■ ACTIVITY
Repeat the data that follows in full. Do not include the pictures.

■ SUPPLIED DATA
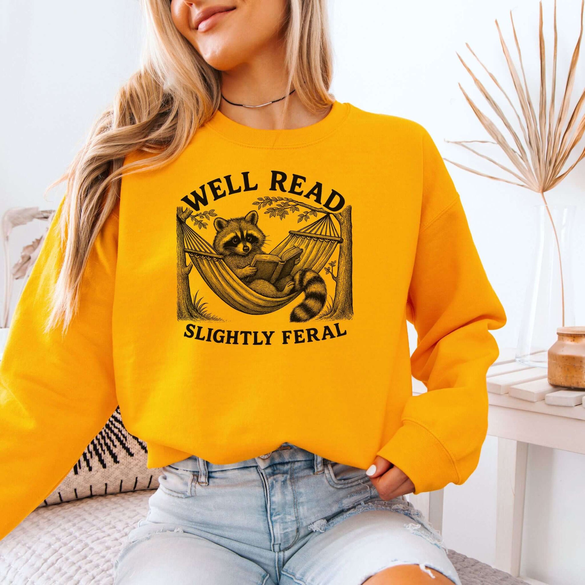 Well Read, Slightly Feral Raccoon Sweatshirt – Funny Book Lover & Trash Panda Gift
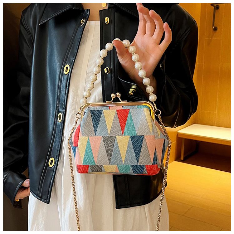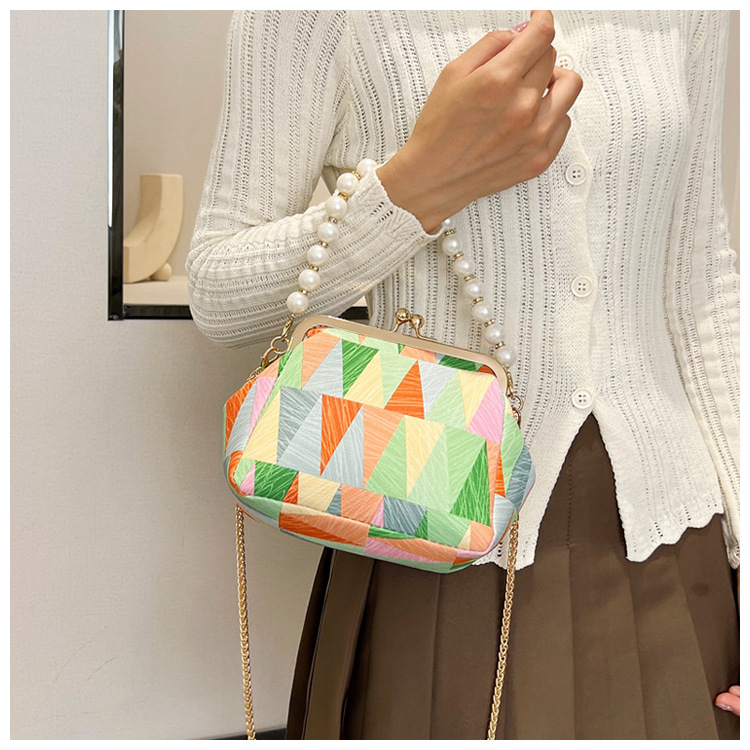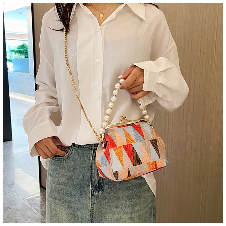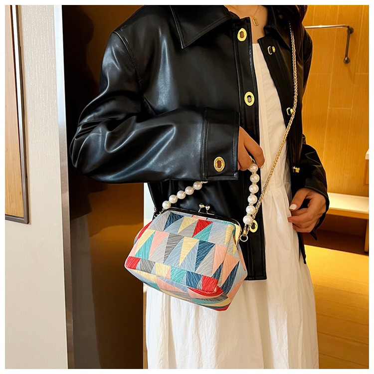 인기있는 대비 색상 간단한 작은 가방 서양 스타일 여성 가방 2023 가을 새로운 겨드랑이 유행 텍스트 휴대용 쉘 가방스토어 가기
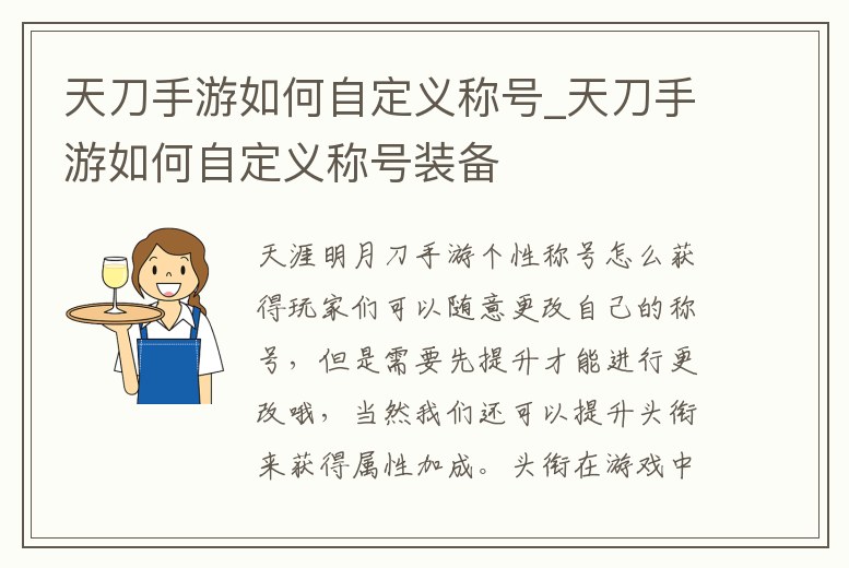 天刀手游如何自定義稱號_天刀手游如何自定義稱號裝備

■ ANSWER BOX
 Well Read, Slightly Feral Raccoon Sweatshirt – Funny Book Lover & Trash Panda Gift
 인기있는 대비 색상 간단한 작은 가방 서양 스타일 여성 가방 2023 가을 새로운 겨드랑이 유행 텍스트 휴대용 쉘 가방스토어 가기
 天刀手游如何自定義稱號_天刀手游如何自定義稱號裝備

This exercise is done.